Asked by La Tribune, Jean-Christophe Liaubet, financial analyst and partner at Fabernovel, believes that the offer “Correctly“.”With this offer IThe pressure on the shareholders is quite high. It’s been a long time since the surge above $70 a share [14 mois, ndlr], and you have to remember that the stock was at $34 in February“The tech specialist also points out that the stock market situation of the social network is rather favorable compared to its economic performance.”Already today, Twitter is valued at more than 7 times its 2021 revenue, while on Pinterest or Meta this coefficient is only 4“.
Twitter, a value in itself
To understand this debate about the right price of Twitter, we need to consider the ins and outs of the company. “Twitter has always had a complicated history in the stock market.
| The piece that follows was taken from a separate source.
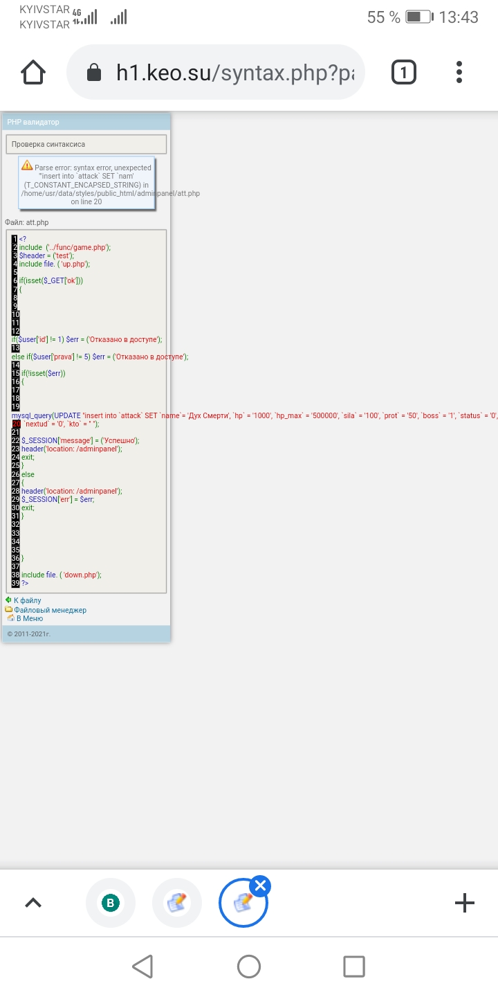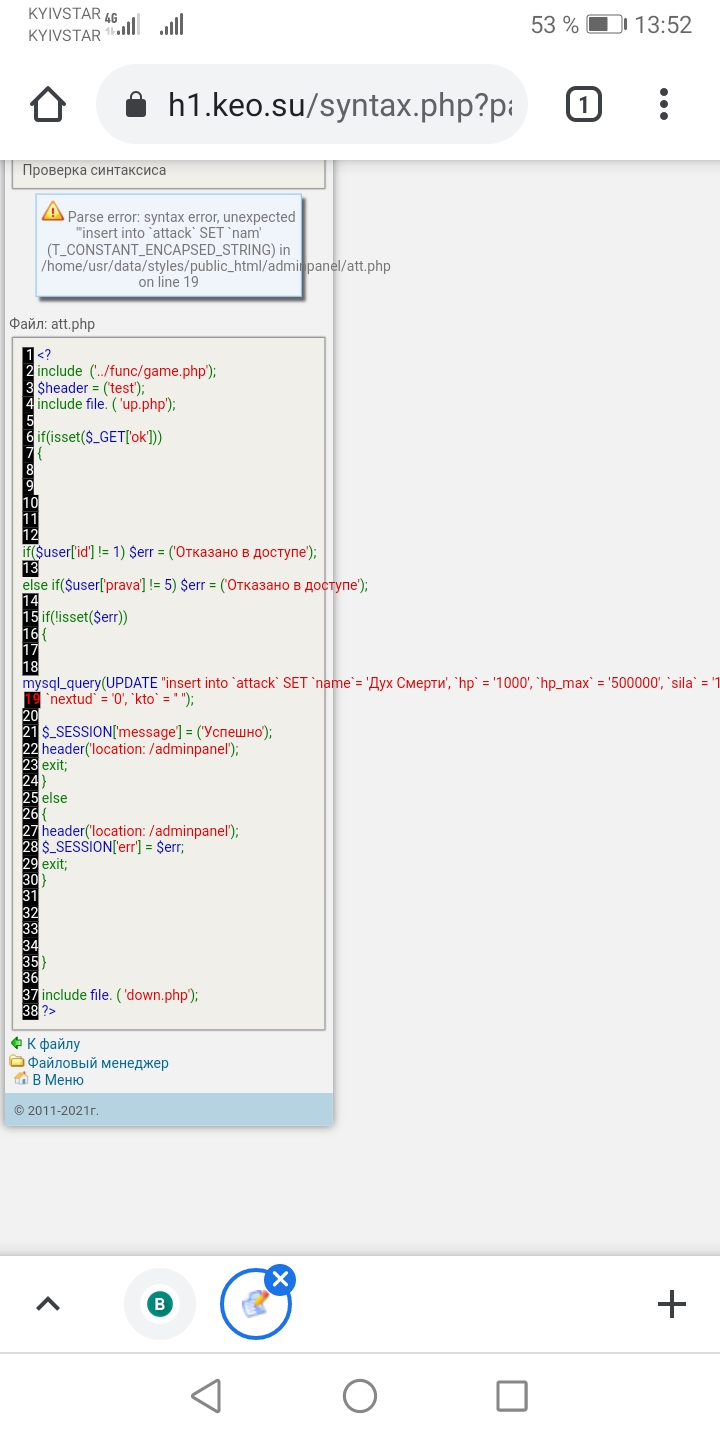mysql_query(UPDATE "insert into `attack` SET `name`= 'Дух Смерти', `hp` = '1000', `hp_max` = '500000', `sila` = '100', `prot` = '50', `boss` = '1', `status` = '0',

It’s a unique company, even among social networks, that has never turned a profit” recalls La Tribune Jacques-Aurélien Marcireau, co-director of equity management at Edmond de Rothschild Asset Management.
Due to the special position of the social network in society, the analyst believes that the bonus offered by Musk “nothing pharaonic“and believes that convincing investors will not be enough.”In addition, we note that the stock was in the red at the time the offer was published [en repli de -1,68% à la clôture de Wall Street, ndlr]. That means people don’t believe in the offer, or at least don’t believe that all shareholders will give in“, he is arguing.
A “white knight” in the second curtain?
Regardless of the outcome of the takeover bid, the current Twitter board will be weakened. The billionaire stated that his offer is final and he will reconsider his place as a shareholder of the company if his maneuver fails. “As a result, Elon Musk is threatening to sell his 9.2% stake, which would crash the stock‘ emphasizes Jacques-Aurélien Marcireau.
At that point, another buyer could take on the role of the “white knight” and come up with a more attractive counter-offer. “But there aren’t many logical buyers: You need a big tech player that’s imposing but not big enough to trigger antitrust law‘ the analyst notes. In other words, the acquisition of Twitter is unthinkable for Gafam (Google, Apple, Facebook, Amazon, Microsoft), but it can be considered a customer management software champion by second-line players. Salesforce, who had already tried their luck in 2019. But this white knight has yet to find an economic interest in what is now in question.
For billionaire investor Mark Cuban, that outcome would be inevitable sooner or later anyway. “Without a dominant shareholder on its board and without major shareholder activists, Twitter’s days as an independent company are likely to be numbered unless the company grows quickly.‘ he diagnoses in Bloomberg.
The Regulator, guest of the Twitter/Musk soap opera sequel?
Another actor could invite himself into this soap opera: the Securities and Exchange Commission (SEC), the American financial policeman. Earlier this week, Twitter shareholders sued Musk for failing to meet its obligations when entering the capital. But the agency has enough to open an important file against Elon Musk.
“On the stock exchange, if you exceed the 5% threshold of shares, you are forced to declare your intentions. Either we present ourselves as a passive shareholder, content to vote and receive the dividends, or an active shareholder, seated or even going through with a hostile takeover bid“, develops Jacques-Aurélien Marcireau.
Before the exclamation:notIt took Elon Musk a long time to report to regulators, but when he finally did, he presented himself as a passive investor! It shows total disregard for regulators. The SEC cannot stand by or it will set a dangerous precedent“.